**Work to be completed**: Please, without the pictures, restate every entry exactly.

####

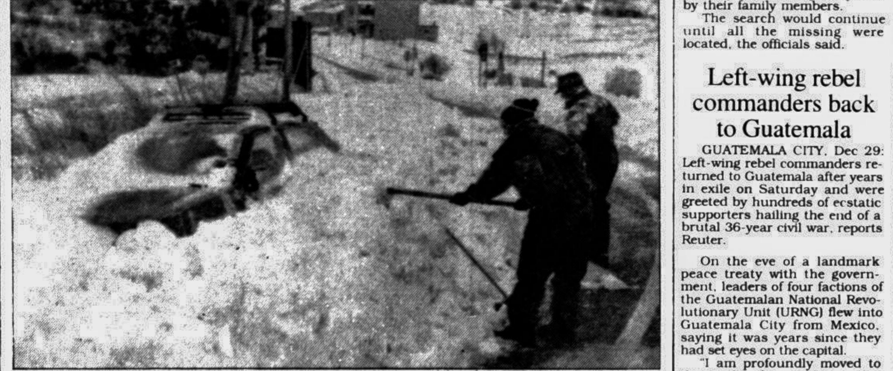
A group of Jordanian women participate in rain prayer in Amman on Saturday. Around 4000 participants gathered to attend the prayer which was called by the government to ask for rainfall which is the country's main source of water...
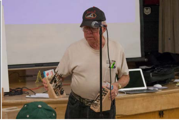
Dick Harmon's tool holders
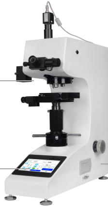
Touch Screen & Built-in Printer
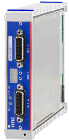
CRXT/DI2-16 (Fig. similar)
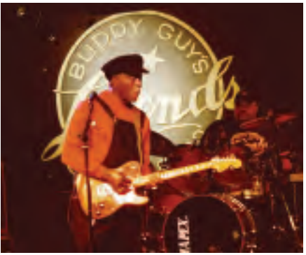
Buddy Guy's Legends Blues Club, Chicago.

You could spend the whole day in one of Chicago's renowned museums: The Field Museum, the city's
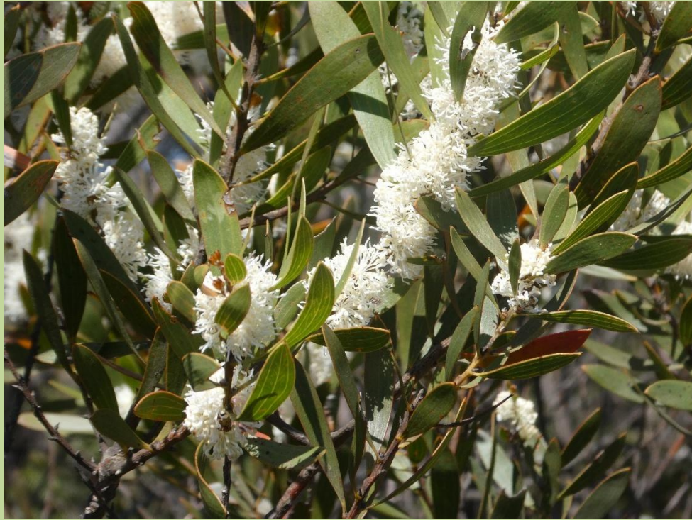
Another plant that looks much more like Hakea dactyloides

####

**Answer to the problem**:
A group of Jordanian women participate in rain prayer in Amman on Saturday. Around 4000 participants gathered to attend the prayer which was called by the government to ask for rainfall which is the country's main source of water...
Dick Harmon's tool holders
Touch Screen & Built-in Printer
CRXT/DI2-16 (Fig. similar)
Buddy Guy's Legends Blues Club, Chicago.

You could spend the whole day in one of Chicago's renowned museums: The Field Museum, the city's
Another plant that looks much more like Hakea dactyloides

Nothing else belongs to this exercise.